## WHAT YOU WILL DO
Copy the records below exactly, starting at the line that contains "在环境目标与绩效方面,拉芳尚" and ending at the line that contains "Harta Basarabiei in"; leave out any pictures.

## MATERIAL SUPPLIED
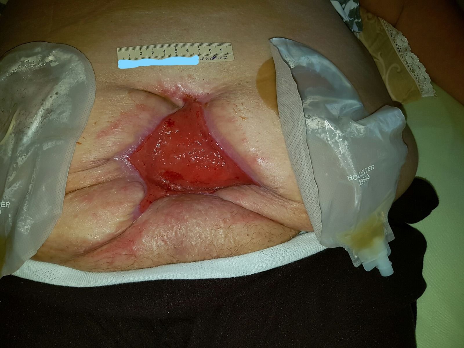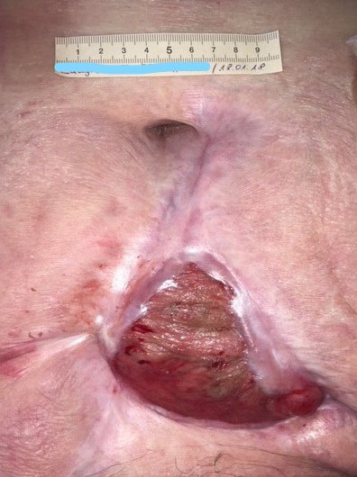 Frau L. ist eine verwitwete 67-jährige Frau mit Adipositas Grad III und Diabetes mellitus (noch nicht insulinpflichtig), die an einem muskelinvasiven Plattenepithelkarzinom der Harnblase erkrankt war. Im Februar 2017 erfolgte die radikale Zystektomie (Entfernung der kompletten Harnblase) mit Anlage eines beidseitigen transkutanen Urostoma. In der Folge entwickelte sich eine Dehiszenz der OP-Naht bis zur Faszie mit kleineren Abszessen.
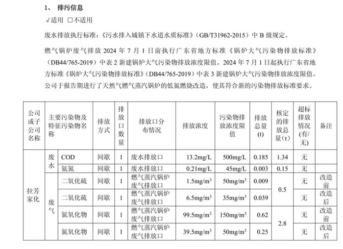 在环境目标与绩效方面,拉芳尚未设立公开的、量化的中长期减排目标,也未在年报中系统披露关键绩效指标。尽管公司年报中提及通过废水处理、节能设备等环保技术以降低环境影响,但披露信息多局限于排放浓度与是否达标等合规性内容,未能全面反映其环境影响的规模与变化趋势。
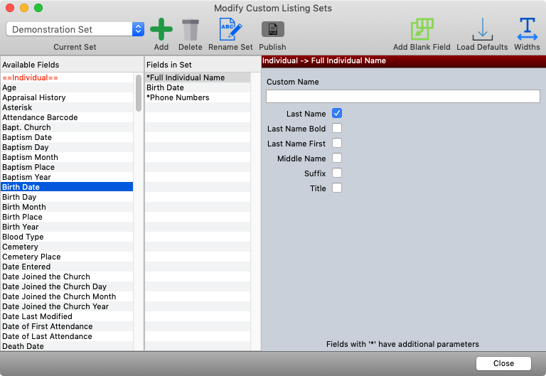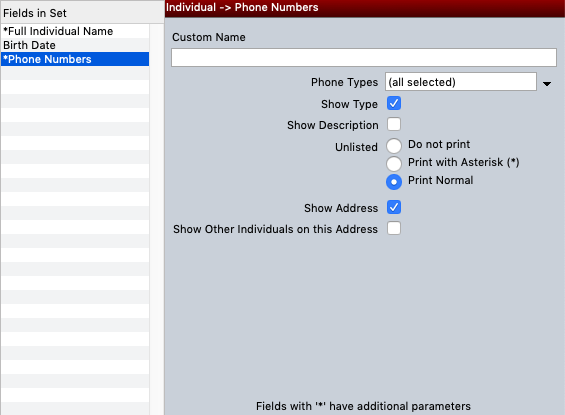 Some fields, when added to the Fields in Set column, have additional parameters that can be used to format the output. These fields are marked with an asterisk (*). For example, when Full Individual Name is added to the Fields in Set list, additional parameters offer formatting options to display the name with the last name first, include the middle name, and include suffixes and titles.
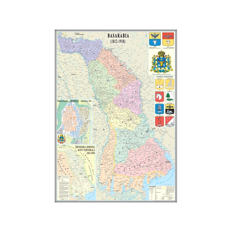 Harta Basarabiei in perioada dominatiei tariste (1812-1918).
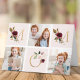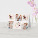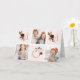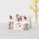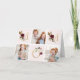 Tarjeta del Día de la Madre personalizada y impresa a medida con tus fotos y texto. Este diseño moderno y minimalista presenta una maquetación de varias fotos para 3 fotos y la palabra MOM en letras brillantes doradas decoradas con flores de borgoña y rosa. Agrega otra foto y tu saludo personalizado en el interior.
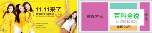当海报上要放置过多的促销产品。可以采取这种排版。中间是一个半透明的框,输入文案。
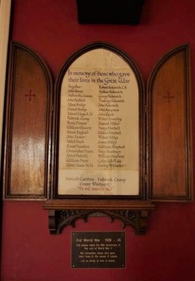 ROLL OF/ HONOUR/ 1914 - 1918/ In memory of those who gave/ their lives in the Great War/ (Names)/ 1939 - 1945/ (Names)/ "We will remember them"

...

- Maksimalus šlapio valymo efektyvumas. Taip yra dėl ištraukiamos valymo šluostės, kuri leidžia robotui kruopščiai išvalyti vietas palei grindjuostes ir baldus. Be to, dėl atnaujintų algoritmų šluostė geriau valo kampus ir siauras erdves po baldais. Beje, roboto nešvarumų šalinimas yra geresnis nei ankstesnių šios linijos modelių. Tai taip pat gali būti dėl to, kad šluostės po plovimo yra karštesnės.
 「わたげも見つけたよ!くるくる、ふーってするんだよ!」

## WRITTEN SOLUTION
 在环境目标与绩效方面,拉芳尚未设立公开的、量化的中长期减排目标,也未在年报中系统披露关键绩效指标。尽管公司年报中提及通过废水处理、节能设备等环保技术以降低环境影响,但披露信息多局限于排放浓度与是否达标等合规性内容,未能全面反映其环境影响的规模与变化趋势。
 Some fields, when added to the Fields in Set column, have additional parameters that can be used to format the output. These fields are marked with an asterisk (*). For example, when Full Individual Name is added to the Fields in Set list, additional parameters offer formatting options to display the name with the last name first, include the middle name, and include suffixes and titles.
 Harta Basarabiei in perioada dominatiei tariste (1812-1918).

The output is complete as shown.